§ WHAT TO DO: Take the line holding "Hazard vulnerability identification" as the first line of the answer and the last line of the listing as its end; retype everything between exactly.

§ DATA PROVIDED:
________________________
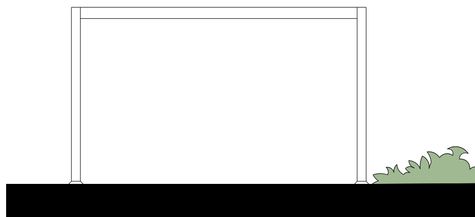
3 ELEVATION Proposed Pergola Rear Elevation SCALE 1: 50
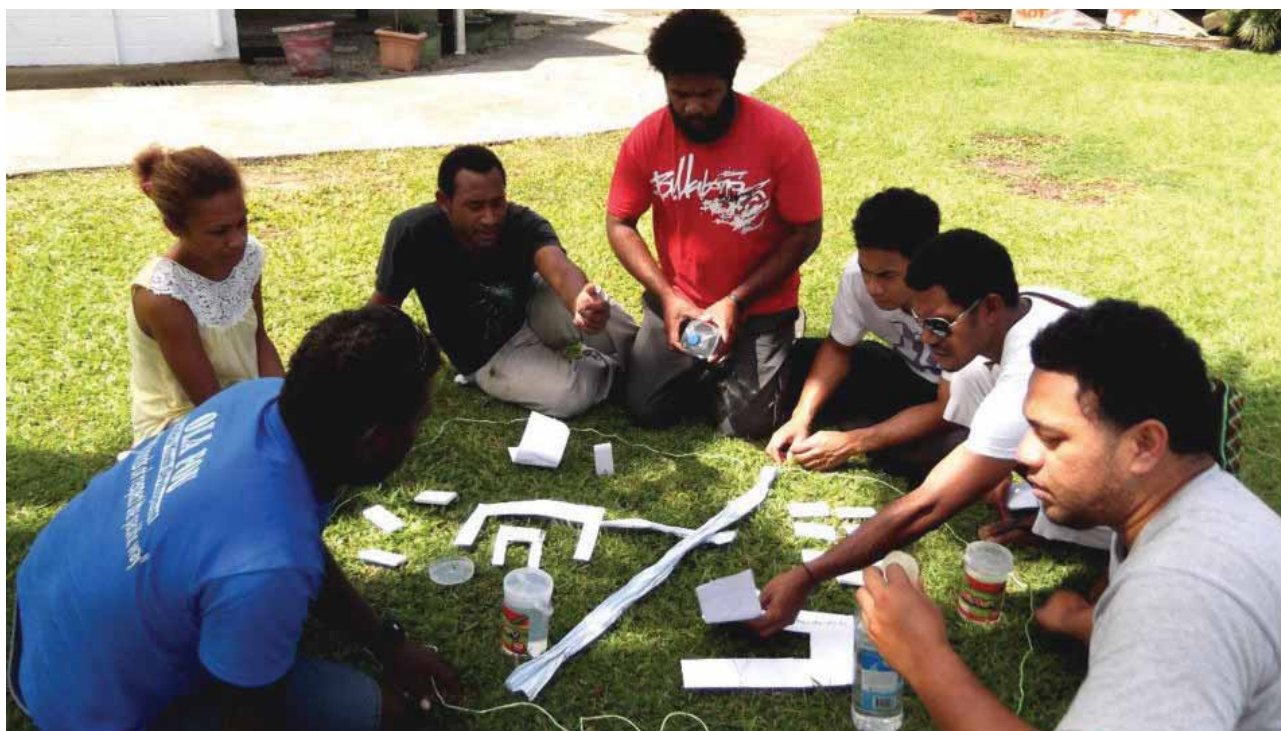
Hazard vulnerability identification with youth workers from Solomon Islands, Papua New Guinea, Vanuatu, Fiji and Tonga during training in Deuba Fiji.

A key method of preparedness is raising awareness around disasters and understanding local strengths and vulnerabilities.
________________________
§ SOLUTION TO THIS PROBLEM:
Hazard vulnerability identification with youth workers from Solomon Islands, Papua New Guinea, Vanuatu, Fiji and Tonga during training in Deuba Fiji.

A key method of preparedness is raising awareness around disasters and understanding local strengths and vulnerabilities.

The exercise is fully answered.